1. “Let us all receive the bread”: The Hymnographer, expressing the faith of the Church, calls us to approach the Secret Table in order to partake of the Immaculate Mysteries. We stand before the center of our church, the mystery of the Holy Eucharist, which the Lord Himself established precisely on this day, at the Secret Supper. The Lord at this Supper celebrated for the first time on earth the Divine Liturgy, calling His disciples to eat His holy Body and to drink His precious Blood. “Take, eat, this is My Body” and “Drink of it, all of you, this is My Blood” are the founding words of the mystery of the Holy Eucharist, which from then until now are repeated at every gathering of the faithful, according to the command of the Lord, “Do this in remembrance of Me,” thus perpetuating in the Spirit the Secret Supper itself. The Divine Liturgy is thus understood by our Church as the continuation of the Secret Supper; for this reason it has always been regarded as the center of the Church, around which all the other mysteries are woven. And this is, we could say, natural: the Lord, who came into the world and saved us — in the sense that He united us to Himself and thus reconciled us with God, something that becomes active for the believer from the moment of baptism and chrismation in the name of the Triune God — He Himself nourishes us with His Body and Blood, so that this relationship with Him may be preserved and grow “until we all attain to a perfect man, to the measure of the stature of the fullness of Christ.”
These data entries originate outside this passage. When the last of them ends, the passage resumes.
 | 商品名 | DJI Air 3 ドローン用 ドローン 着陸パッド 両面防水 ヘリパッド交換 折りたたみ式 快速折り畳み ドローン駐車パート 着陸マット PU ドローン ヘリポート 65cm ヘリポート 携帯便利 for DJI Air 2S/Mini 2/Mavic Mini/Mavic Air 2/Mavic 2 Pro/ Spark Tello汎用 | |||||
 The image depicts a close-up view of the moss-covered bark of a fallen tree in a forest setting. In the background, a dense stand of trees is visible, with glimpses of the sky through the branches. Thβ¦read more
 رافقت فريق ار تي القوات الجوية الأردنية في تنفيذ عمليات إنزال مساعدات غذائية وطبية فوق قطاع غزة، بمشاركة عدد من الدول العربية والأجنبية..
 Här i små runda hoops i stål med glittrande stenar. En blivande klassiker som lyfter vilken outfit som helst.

2. The Hymnographer, then, calls us to partake of “the bread,” but also reminds us of the conditions for this participation: fear and purity of soul. Participation in Holy Communion is not without conditions. To partake of the Immaculate Mysteries carelessly and casually, without proper repentance and awareness, creates the conditions for repeating the demonic state of Judas. Let us not forget that Judas also partook, but while his betrayal was already in progress, with the result that he became possessed and was destroyed. This is because the blessed bread acts within a person by activating whatever it finds in the soul: love of God or hatred. Like rain falling upon the earth, which produces either good crops or weeds. Thus, a person may receive Communion and, instead of becoming better, growing spiritually, actually become worse. Therefore, the conditions, according to the Hymnographer, are the fear of God and purity of soul. These two are directly connected, revealing the working of repentance. The fear of God, expressed in keeping His holy commandments, leads to the purification of the soul, and this means that a person is ready to partake of the Body and Blood of the Lord. The participation increases purity, and thus the person is deified by the divine energies of the Mystery and progresses “from glory to glory,” since there is never an end to this process of repentance and growth in God. In this state, the believer becomes a dwelling place of God and, “in another form,” a manifestation of Christ in the world.
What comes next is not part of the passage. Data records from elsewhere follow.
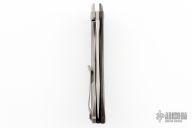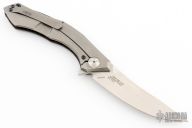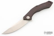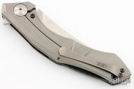 This 0462 Sinkevich Design flipper by Zero Tolerance features a satin finished upswept blade with flipper and swedge. The handle has a red/black carbon fiber and tumbled titanium frame, black aluminum backspacer and a tip up reversible titanium clip. Nice detent, lockup and blade seating, rides on bearings. Has stainless steel lockface insert and overtravel stop, ceramic detent ball. S/N 8100. Comes with original box and papers. Has a couple light scuffs, excellent condition otherwise.
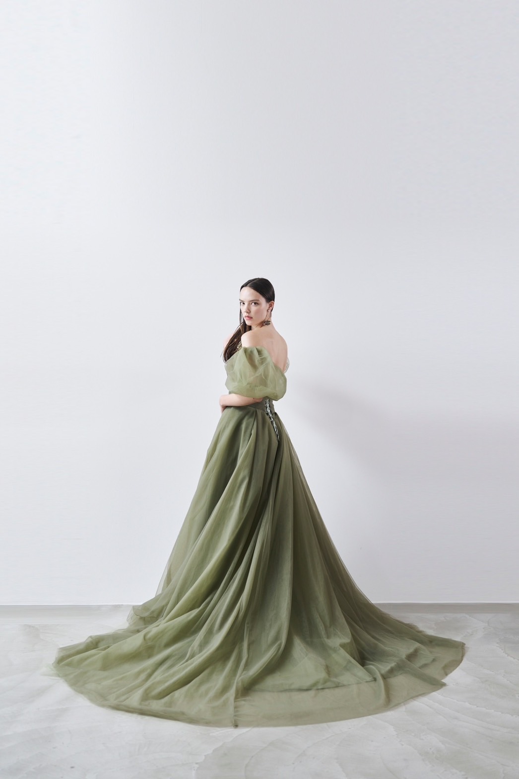 カーキ2wayパフスリーブAライン編上げ9-11号
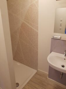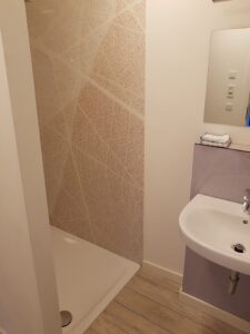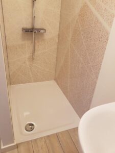 - große offene Flach-Regendusche 90x120cm, Handtuchheizkörper, WC, Waschbecken, Spiegel und Fön

3. “Remaining with the Master”: the Hymnographer expresses the above truth with this phrase. What happened at the Secret Supper functions as a model, meaning that many follow the example of Judas: he received Communion while betraying Christ and then left to complete that betrayal. The Hymnographer therefore urges us to remain with Christ, and there to see Him washing the feet of the disciples and wiping them with a towel, so that we may do the same toward every fellow human being, submitting to one another and washing one another’s feet. In other words, proper participation in the Holy Eucharist leads to a genuine imitation of the life of Christ, that is, to humility and loving service to others. To put it as the great Russian novelist and profound analyst of the human soul, Fyodor Dostoevsky, expressed it in his final work The Brothers Karamazov:

“Before certain thoughts, a person stands confused, especially when faced with human sin, and wonders whether to fight it with force or with humble love. Always decide: ‘I will fight it with humble love.’ If you decide this once and for all, you can conquer the whole world. Loving humility is a tremendous power: it is the strongest of all things, and there is nothing else like it.”

Participation in the Holy Eucharist and hostility toward one’s neighbor, or injustice toward him and the crushing of his person in any way, cannot coexist. The Hymnographer is clear: to be a Christian means to see and follow Christ within a Eucharistic, that is, ecclesiastical context, always living His humble love. Anything different means a fall into the deceit of Judas.